Aim of the task: Copy each line from the data that has the word "fine" in it.

Exercise data:
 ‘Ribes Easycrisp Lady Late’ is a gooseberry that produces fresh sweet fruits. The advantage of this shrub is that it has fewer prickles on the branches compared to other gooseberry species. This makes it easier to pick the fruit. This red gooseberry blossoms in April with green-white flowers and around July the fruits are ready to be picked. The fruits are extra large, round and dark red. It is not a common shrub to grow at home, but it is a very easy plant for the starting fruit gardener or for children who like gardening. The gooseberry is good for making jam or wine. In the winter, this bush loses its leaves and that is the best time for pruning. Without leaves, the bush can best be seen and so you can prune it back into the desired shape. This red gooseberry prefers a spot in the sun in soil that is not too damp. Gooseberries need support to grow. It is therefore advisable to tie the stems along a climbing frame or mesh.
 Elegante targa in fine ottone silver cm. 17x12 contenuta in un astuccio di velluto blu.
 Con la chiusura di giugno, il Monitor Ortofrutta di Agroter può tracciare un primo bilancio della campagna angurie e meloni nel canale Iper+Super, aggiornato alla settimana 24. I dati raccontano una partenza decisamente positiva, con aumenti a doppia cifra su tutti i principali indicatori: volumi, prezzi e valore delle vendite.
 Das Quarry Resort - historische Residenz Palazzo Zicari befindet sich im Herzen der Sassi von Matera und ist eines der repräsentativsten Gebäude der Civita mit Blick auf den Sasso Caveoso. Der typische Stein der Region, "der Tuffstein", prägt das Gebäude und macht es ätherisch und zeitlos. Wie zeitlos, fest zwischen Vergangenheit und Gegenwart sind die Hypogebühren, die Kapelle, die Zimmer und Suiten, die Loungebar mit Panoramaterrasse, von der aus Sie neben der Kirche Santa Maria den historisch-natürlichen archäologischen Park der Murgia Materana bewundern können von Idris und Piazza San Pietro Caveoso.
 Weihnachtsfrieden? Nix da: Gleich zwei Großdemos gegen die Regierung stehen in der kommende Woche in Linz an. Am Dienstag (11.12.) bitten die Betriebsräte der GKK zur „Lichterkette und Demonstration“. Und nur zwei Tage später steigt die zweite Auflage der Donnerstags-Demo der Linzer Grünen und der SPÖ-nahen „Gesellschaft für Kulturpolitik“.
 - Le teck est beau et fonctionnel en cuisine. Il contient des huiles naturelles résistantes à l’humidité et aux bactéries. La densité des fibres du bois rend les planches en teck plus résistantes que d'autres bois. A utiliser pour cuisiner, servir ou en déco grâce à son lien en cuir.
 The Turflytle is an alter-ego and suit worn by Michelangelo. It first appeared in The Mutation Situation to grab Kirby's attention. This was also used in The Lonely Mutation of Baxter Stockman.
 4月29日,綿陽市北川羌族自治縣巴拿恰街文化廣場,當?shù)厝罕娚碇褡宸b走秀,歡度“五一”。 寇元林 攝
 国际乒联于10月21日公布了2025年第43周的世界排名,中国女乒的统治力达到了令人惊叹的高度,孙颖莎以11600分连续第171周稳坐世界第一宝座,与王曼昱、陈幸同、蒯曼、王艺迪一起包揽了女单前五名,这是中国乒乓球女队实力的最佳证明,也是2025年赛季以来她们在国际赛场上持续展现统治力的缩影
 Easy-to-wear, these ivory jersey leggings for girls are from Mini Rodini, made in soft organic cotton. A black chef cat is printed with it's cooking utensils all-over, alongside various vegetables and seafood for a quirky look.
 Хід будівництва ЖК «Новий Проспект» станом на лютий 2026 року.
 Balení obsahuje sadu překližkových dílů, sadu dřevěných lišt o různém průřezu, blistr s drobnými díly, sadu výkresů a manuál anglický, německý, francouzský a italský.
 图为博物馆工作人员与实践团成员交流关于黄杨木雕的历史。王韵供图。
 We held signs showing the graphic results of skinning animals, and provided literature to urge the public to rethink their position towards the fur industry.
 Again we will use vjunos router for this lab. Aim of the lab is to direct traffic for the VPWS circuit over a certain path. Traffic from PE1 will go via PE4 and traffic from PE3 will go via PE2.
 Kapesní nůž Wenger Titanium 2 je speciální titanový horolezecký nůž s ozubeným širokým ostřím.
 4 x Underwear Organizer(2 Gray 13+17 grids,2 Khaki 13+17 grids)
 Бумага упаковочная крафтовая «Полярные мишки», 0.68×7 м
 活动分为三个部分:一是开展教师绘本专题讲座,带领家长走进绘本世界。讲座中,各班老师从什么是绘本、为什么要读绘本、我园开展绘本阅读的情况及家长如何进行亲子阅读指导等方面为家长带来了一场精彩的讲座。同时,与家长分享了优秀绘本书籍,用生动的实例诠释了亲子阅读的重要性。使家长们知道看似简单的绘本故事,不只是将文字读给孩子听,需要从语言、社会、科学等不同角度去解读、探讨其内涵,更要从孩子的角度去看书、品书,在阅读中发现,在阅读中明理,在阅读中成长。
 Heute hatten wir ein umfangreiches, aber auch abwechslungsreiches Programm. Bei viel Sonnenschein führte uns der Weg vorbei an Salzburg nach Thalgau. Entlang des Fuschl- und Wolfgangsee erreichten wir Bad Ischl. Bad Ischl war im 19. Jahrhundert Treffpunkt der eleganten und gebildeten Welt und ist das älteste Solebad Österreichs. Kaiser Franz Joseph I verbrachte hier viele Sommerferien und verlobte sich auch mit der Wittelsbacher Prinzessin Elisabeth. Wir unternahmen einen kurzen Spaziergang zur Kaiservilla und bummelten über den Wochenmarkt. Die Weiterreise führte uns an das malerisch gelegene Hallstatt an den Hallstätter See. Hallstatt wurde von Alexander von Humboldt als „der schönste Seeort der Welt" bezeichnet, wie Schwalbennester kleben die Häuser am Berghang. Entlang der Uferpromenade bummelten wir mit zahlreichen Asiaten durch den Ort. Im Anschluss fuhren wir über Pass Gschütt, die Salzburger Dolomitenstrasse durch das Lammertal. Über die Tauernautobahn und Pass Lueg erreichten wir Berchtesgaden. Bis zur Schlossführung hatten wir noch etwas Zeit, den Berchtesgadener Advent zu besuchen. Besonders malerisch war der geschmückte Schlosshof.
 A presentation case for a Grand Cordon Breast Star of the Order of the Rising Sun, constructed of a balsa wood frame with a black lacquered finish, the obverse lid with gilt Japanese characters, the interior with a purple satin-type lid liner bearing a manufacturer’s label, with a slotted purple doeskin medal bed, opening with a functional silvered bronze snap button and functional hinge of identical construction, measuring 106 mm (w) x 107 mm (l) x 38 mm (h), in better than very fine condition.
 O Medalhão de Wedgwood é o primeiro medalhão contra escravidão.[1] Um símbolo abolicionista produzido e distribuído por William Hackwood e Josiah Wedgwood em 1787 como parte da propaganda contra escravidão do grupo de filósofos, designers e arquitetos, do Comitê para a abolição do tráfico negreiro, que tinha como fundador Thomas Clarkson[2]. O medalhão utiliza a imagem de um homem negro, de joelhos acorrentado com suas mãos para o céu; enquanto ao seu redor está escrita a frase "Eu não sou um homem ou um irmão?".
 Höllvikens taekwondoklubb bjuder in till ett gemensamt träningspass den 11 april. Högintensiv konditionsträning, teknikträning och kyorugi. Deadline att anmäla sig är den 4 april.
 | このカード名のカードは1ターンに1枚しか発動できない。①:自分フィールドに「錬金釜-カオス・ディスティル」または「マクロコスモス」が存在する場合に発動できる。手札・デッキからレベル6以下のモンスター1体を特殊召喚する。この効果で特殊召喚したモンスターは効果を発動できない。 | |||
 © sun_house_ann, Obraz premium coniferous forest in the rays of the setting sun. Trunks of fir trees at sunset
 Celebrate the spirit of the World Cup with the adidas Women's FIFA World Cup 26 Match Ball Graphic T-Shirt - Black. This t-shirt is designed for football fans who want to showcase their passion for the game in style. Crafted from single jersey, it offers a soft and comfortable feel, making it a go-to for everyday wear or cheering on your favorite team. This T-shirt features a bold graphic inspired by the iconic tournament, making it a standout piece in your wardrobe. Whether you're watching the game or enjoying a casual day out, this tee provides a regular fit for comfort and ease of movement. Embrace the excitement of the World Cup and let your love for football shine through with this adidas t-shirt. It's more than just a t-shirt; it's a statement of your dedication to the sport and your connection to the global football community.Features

Exercise solution:
 Elegante targa in fine ottone silver cm. 17x12 contenuta in un astuccio di velluto blu.
 A presentation case for a Grand Cordon Breast Star of the Order of the Rising Sun, constructed of a balsa wood frame with a black lacquered finish, the obverse lid with gilt Japanese characters, the interior with a purple satin-type lid liner bearing a manufacturer’s label, with a slotted purple doeskin medal bed, opening with a functional silvered bronze snap button and functional hinge of identical construction, measuring 106 mm (w) x 107 mm (l) x 38 mm (h), in better than very fine condition.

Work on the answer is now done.